Melkbelly

PITH

BY Rachel Evangeline ChiongPublished Apr 6, 2020

7
Chicago four-piece noise-rock band Melkbelly have returned, after two years of touring, with PITH, an angsty weekend daydream on a humid, summer morning. From song composition to its track arrangement, listening to this album feels like cracking open a zine scrawled with Grimm-like poetry.
 
It's a collection of full-length tunes and short vignettes, like "Sickeningly Teeth" and "Take H2O." The first song, "THC," coaxes you closer with its sing-song hook, then grabs you by the wrist, thrusting you into the album at the heels of James Wetzel feverishly dancing around his snare and Liam Winters' incessant bass. The album dips midway into an intermission through "Kissing Under Some Bats," the longest song on the record, creating a space for the listener to revel in five minutes of pure noise before carrying on.
 
Miranda Winters' lyrics don't get lost among the "collection of rare Russian tube mics," which were placed around the studio to amplify Melkbelly's noise. Lines like "loaded up and drove out to the softer roads in Michigan" in title track "LCR" are glued to catchy melodies, which have a mesmerizing sing-along effect. But catchy riffs are only the cusp of Melkbelly's musicality. Miranda and brother-in-law Bart Winters' guitar lines cheekily complement song titles such as the lumbering "dun DUN DUN DUN" in "Little Bug" or the series of spooky minor thirds in "Kissing Under Some Bats."
 
Because of the tightly cohesive kick-off in the first couple songs, the remaining album feels slightly haphazard in comparison.

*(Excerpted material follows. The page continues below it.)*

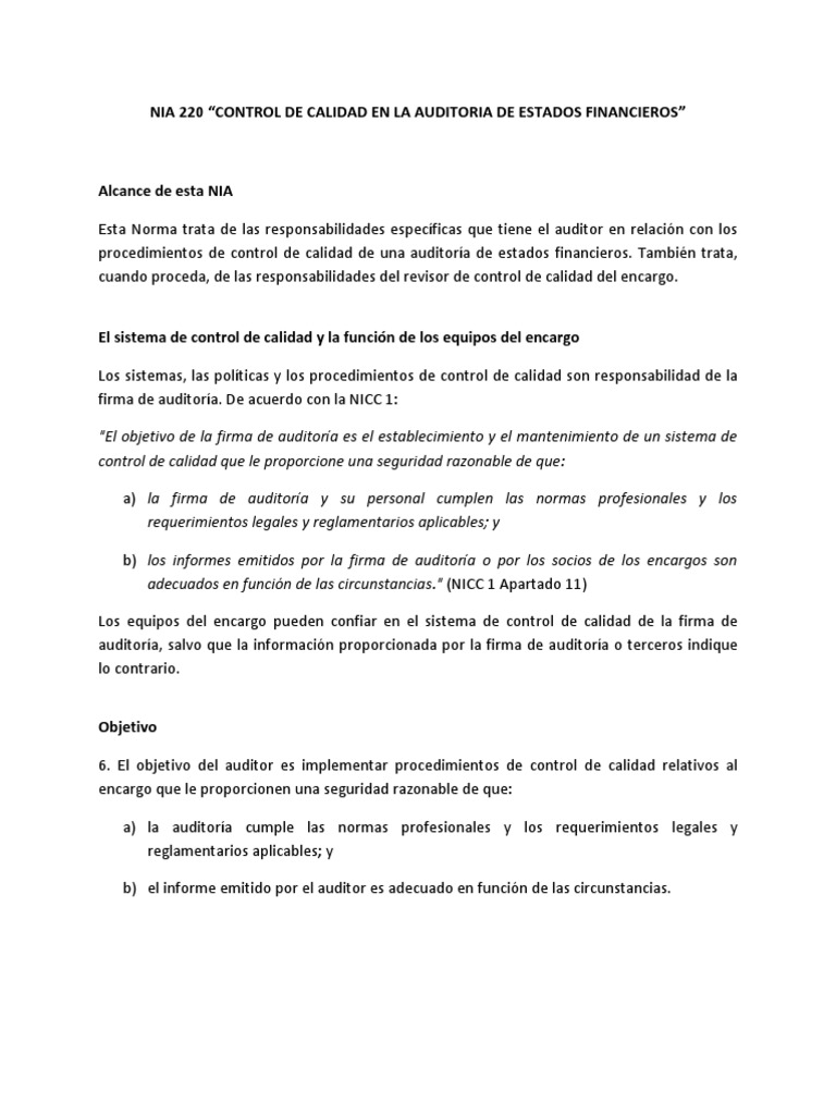 NIA 220 “CONTROL DE CALIDAD EN LA AUDITORIA DE ESTADOS FINANCIEROS”

Next to the atomic metaphor of "Sickeningly Teeth," "Mr. Coda" and "Stone Your Friends" deliver a hurried assemblage of imagery that don't feel like they fully contribute to the album as a whole. Nonetheless, they roll down the road which eventually lands the listener at "Flatness."
 
The final track opens with sentimental chords like looking over the shoulder at the journey about to finish. Miranda laments "I don't have the patience to understand the shape of flatness," repeatedly, until it begins to sound like a question. Even when the music flattens into silence, even after the album ends, it echoes in your head reaching past the sweltering daydream.
 
In these current unpredictable times, Melkbelly thrashes against a feeling of grief, a decaying normal, and the shapes of stagnation. PITH is an album that old and new listeners alike can sink their teeth into and ride out a season of summer days holed up in their bedrooms.